Tumour markers CA1254 and CA19-97 can be elevated causing fears of the existence of malignancy. Pulmonary tuberculosis21 is another differential diagnosis that may be considered during the investigations for pulmonary endometriosis. Lesions found during investigations can cause confusion with lung cancer.6

Management

The treatment of pulmonary endometriosis can be commenced based on the clinical history alone of cyclical chest symptoms associated with menses with complete resolution of symptoms.11 The management of pulmonary endometriosis calls for a multidisciplinary approach involving the anaesthetist, gynaecologist, pneumologist and thoracic surgeon.22,23 

Medical therapy involves the use of oral contraceptives11 or medroxyprogesterone acetate for 3 to 6 months and patients can be asymptomatic 12 months after treatment.19 Danazol therapy was previously extensively used to treat endometriosis24 but it has fallen off due to its side effects profile.
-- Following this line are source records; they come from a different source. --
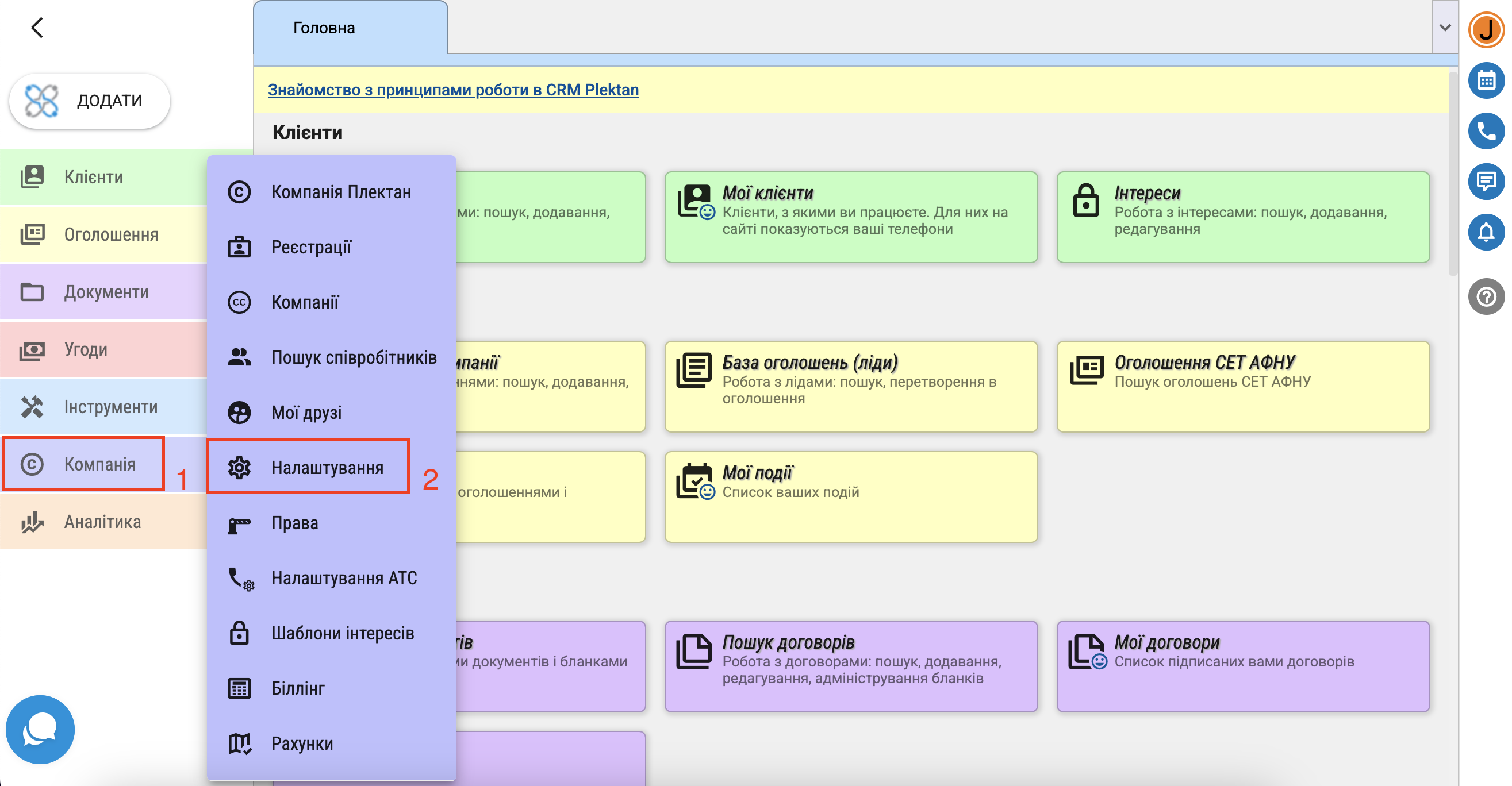Для підключення GMail-акаунта компанії в кабінеті директора, або співробітника з відповідними правами перейдіть в Меню до модуля "Компанія" - "Налаштування".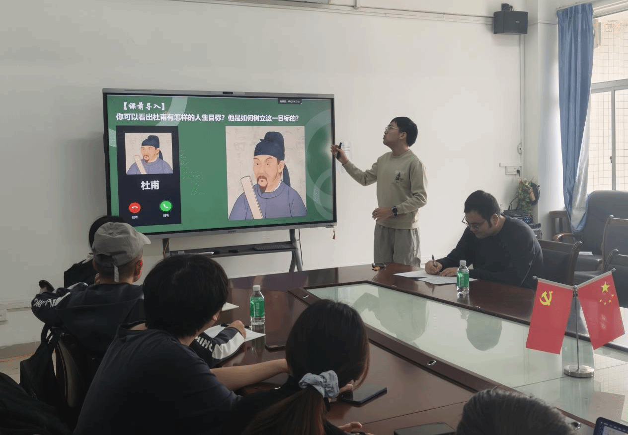 在模拟授课环节,2024级学科教学(思政)专业研究生张文苑和吴柏聪分别进行了教学展示。张文苑以八年级上册《认识国家安全》为题,巧妙运用美国国家安全局攻击中国国家授时中心的真实案例,借助AI课件创设情境,通过议题式教学引导员工深入理解总体国家安全观。吴柏聪则以七年级上册《树立正确的人生目标》为内容,从杜甫的志向切入,结合航天员桂海潮的追梦故事,利用AI互动功能组织小组辩论,探讨个人理想与国家发展的统一关系。两位同学的展示生动体现了技术对课堂互动性、情境创设与思维启发的增强作用。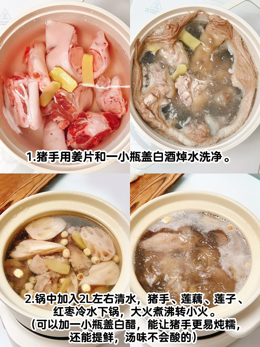 [二R]锅中加入2L左右清水,猪手、莲藕、莲子、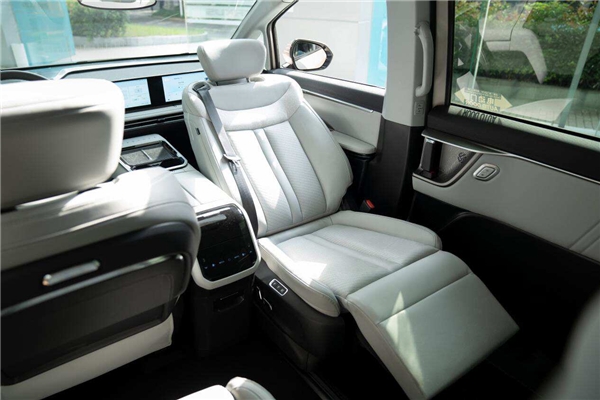 車身尺寸上,G70達到4900*1885*1756mm,軸距2960mm,領 先同級車型。在座椅布局上,除了2+2+3七座版本,還提供了2+1+3座椅布局的6座版本。進入車內(nèi),諸多設計更顯廠商巧思妙想。該版本的副駕座椅,支持180°旋轉(zhuǎn),還可通過長約2米的滑軌進行前后移動。如此設計,在同級產(chǎn)品中算得上獨一份,既提升了便利性,又顯得趣味十足。同時,這款MPV二排空間很寬敞,且座椅可實現(xiàn)6向電動調(diào)節(jié)。再加上椅背角度可調(diào)(72°~126°)的三排座椅,令每一位乘客都能輕松自在地找到舒適坐姿。2X2矩陣立體發(fā)泡座椅采用Nappa真皮包裹,進一步提升舒適性。全車共有45處儲物空間,還配有豐富的充電口、杯托和小桌板,便利性極強。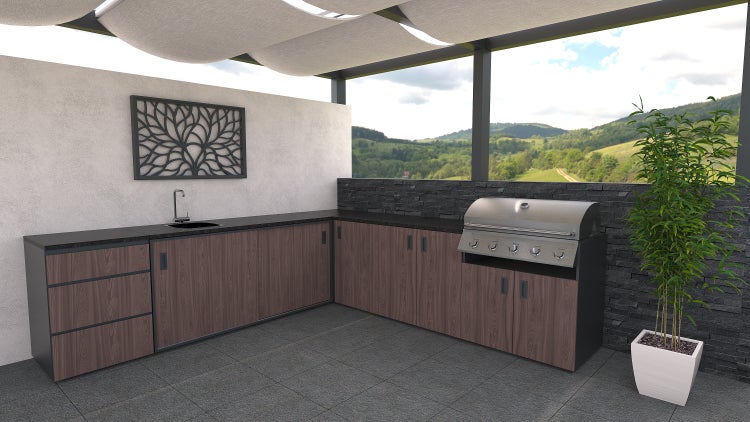 Set Roma - Nussbaum - Granit - Pulverbeschichtete L-förmige Edelstahl-Outdoorküche mit Spüle, eingebautem Gasgrill und Arbeitsplatte aus Granit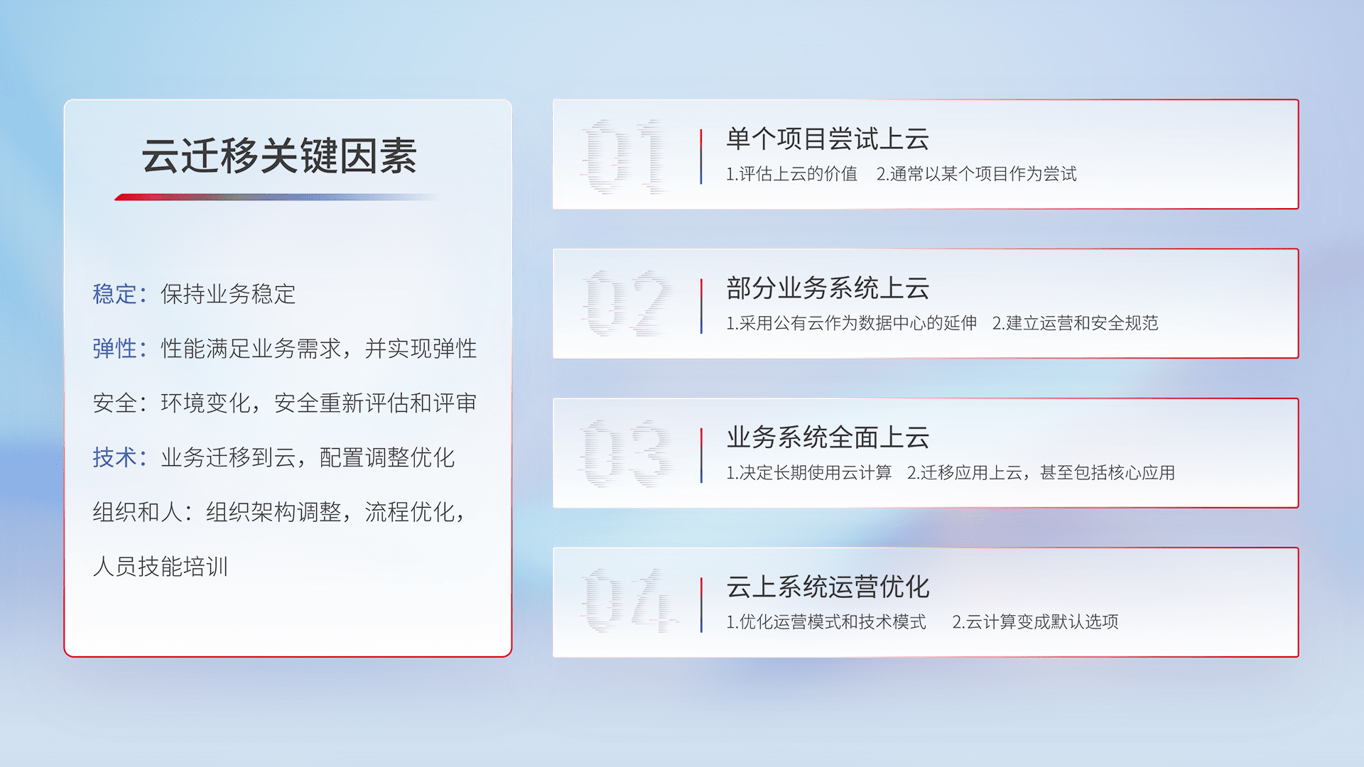 结合实际业务,,,从规划设计、、云平台选型、、、、云原生改造、、、、数据迁移、、、集成交付,,,迁移全过程为客户识别最佳上云路径,,做好风险识别管理,,,设计网络架构、、身份权限、、、、安全审计合规、、操作审计、、、、日志审计、、监控告警策略、、、多站点容灾设计等,,对云上基础设施进行整体规划,,提升IT治理水平,,,以满足弹性、、高可用、、、、高性能的需求。。。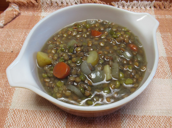 Mix all ingredients except vinegar in soup pot (or crock pot) and cook on low heat until lentils are very soft, about one hour. Add vinegar at the end and serve. Makes about 8 cups.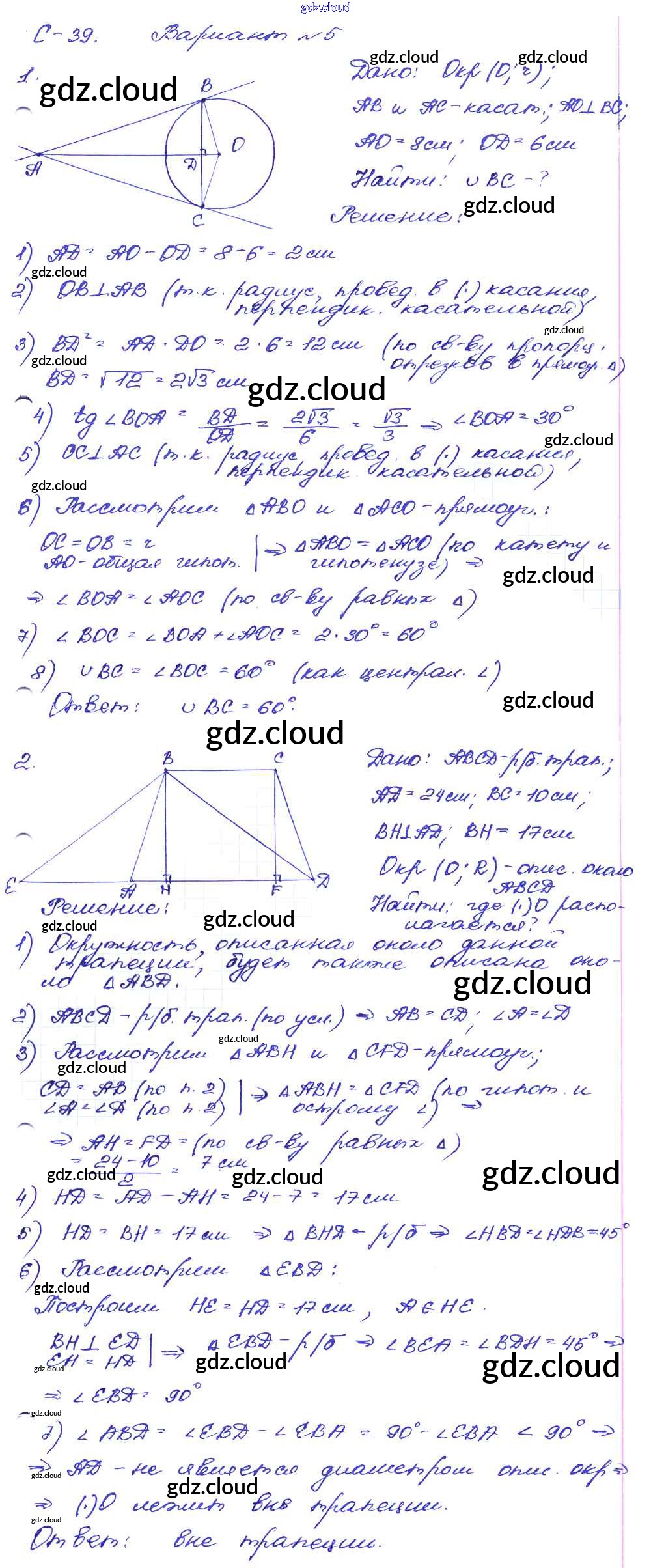 СР №39. Итоговое повторение (окружность) Ответы к Самостоятельным работам по Геометрии 8 класс Дидактические материалы Зив Просвещение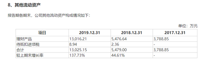 可以发现,公司2019年末的理财产品比上期末增长138%,但当年的理财产品收益却只增加了70万元。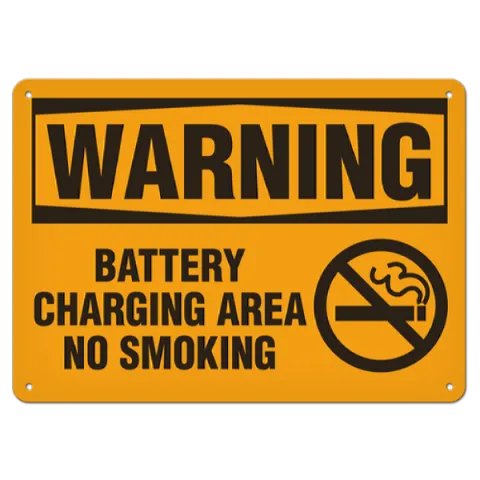 Improve your workplace safety with the use of OSHA style Warning - Battery Charging Area No Smoking safety signs available in an assortment of materials including adhesive VynMark®, rigid HDPE plastic, aluminum and aluminum + UV lamination for extended long-term outdoor applications with several sizes to meet your specific safety identification requirements.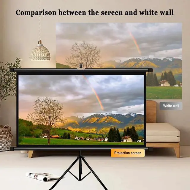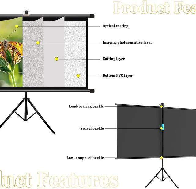 Immersive viewing: Outdoor Projector Screen with Stand Tripod, The screen surface is optically coated, which can reproduce the projected image in real and high definition. The ultra-wide-angle design and wide field of view make viewing no longer restricted by the venue, and you can enjoy an immersive experience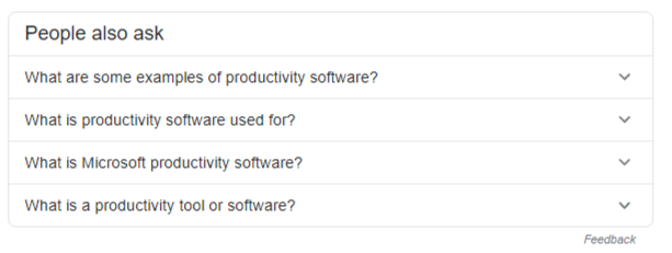 For example, when you type ‘productivity software’, all the websites that appear in the first few results are about the best productivity apps or best productivity software. This indicates that people want to know more about apps and to rank well, you need to create content along the same lines too.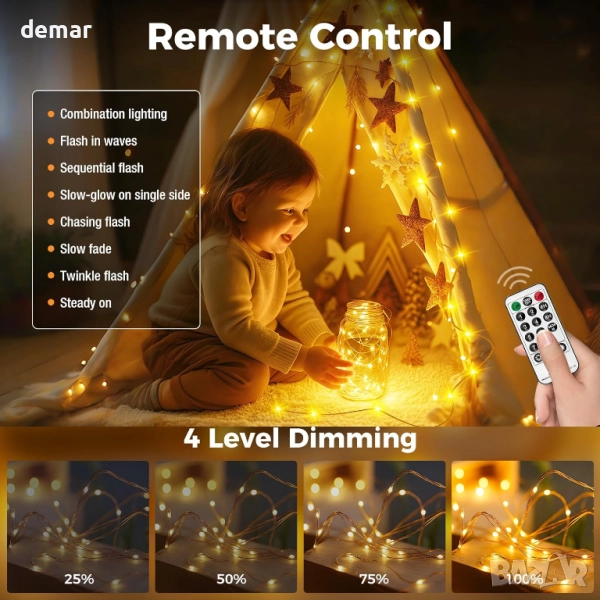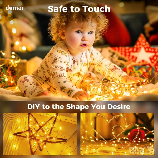 Тези 20-метрови вътрешни лампички са с 200 топли светодиода и 5-метров кабел, идеални за декориране на спални, дневни, градини или празнични декорации. Предлагат се с дистанционно управление, предлагащо четири нива на яркост, осем режима на осветление и опции за таймер за лесно персонализиране. Изработени от здрава, огъваща се медна тел, те са издръжливи, гъвкави и идеални за „Направи си сам“ проекти. Лампичките са водоустойчиви както за вътрешна, така и за външна употреба (щепселът не е водоустойчив) и включват адаптер за ниско напрежение за безопасност, което гарантира, че ще останат хладни на допир и безопасни за деца и домашни любимци.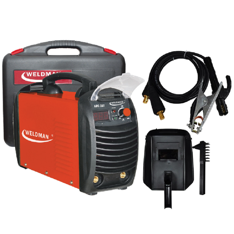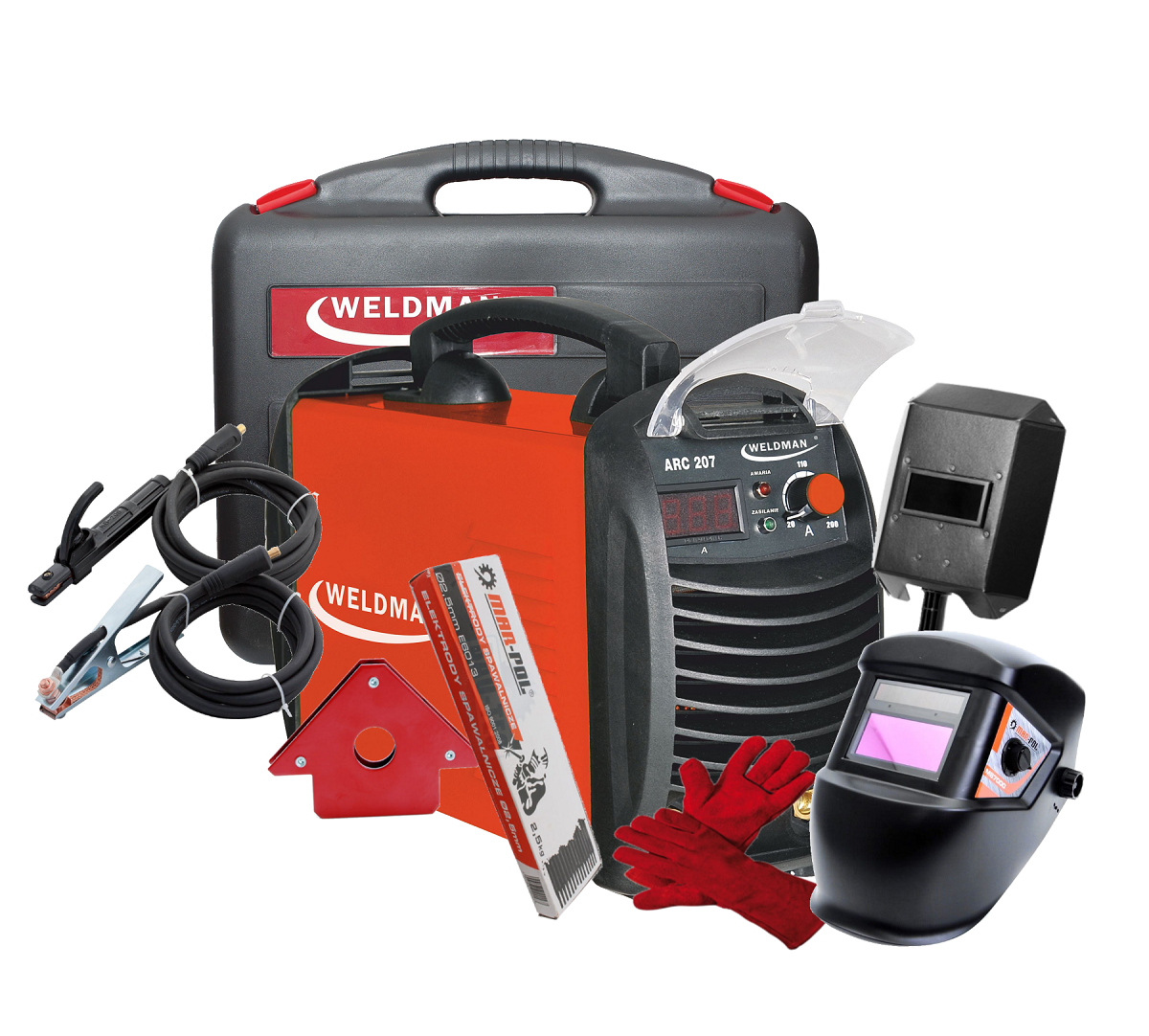 WELDMAN ARC 207 walizka PCV - Spawarka inwertorowa + przyłbica samościemniająca + rękawice spawalnicze + kątownik magnetyczny + Elektrody rutylowe - łatwospawalne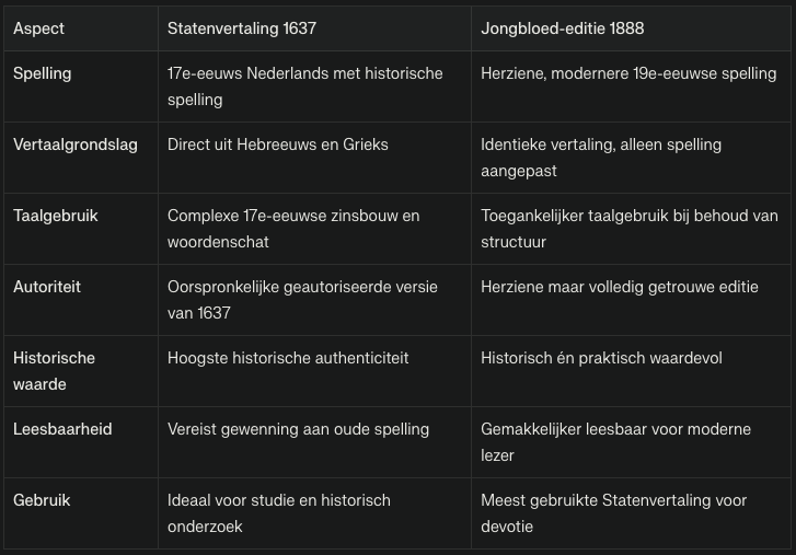 Beide versies delen dezelfde fundamentele kracht: getrouwe weergave van Gods Woord uit de oorspronkelijke grondtalen.
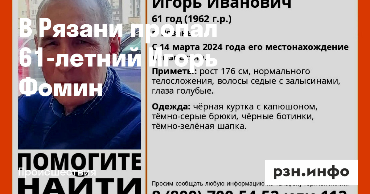В Рязани пропал 61-летний Игорь Фомин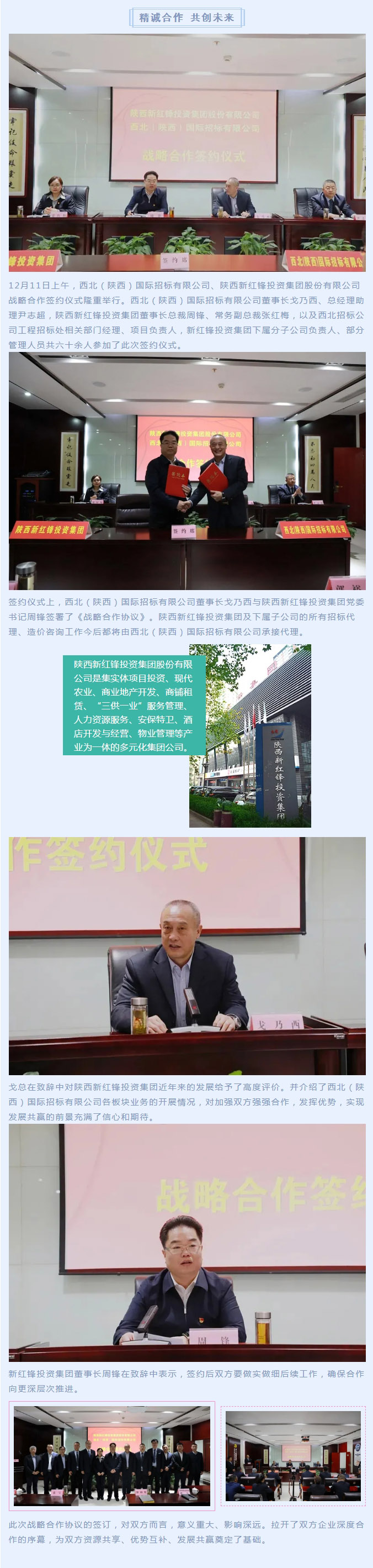 精誠合作 共創(chuàng)未來——西北(陜西)國際招標(biāo)有限公司與陜西新紅鋒投資集團(tuán)股份有限公司戰(zhàn)略合作簽約儀式隆重舉行

Currently GnRH analogues4,8,25 are the ones widely used. Courses of 3 to 6 months produce good outcomes. The GnRH analogues cause a reversible hpyo-estrogenic state that starves endometrial tissue of oestrogen hence growth and the tissue dies out. Urgent tube thoracostomy for patients in respiratory distress relieves pnuemothoraces and haemothoraces while awaiting definitive treatment. Thoracotomy26 with lobectomy,27 parietal pleurectomy and partial diaphragmatic excision28 can be done in life-threatening endometriosis. This is life-saving surgery.

Immediately after surgical treatment, medical therapy must be started4,13 as recurrence is common since the endometrial tissue will be responsive to ovarian hormones.

Prognosis 

Following treatment complete cure is possible.1,8,29 Fertility returns to normal after treatment.

CONCLUSION 

This benign gynaecological disorder that is common in the pelvis but rare in the lungs can have life-threatening consequences. Clinicians must be made aware of this condition so that they have a high index of clinical suspicion30 to prevent deaths in young women. Prompt treatment of pneumothoraces and haemathoraces by a multidisciplinary team will save lives.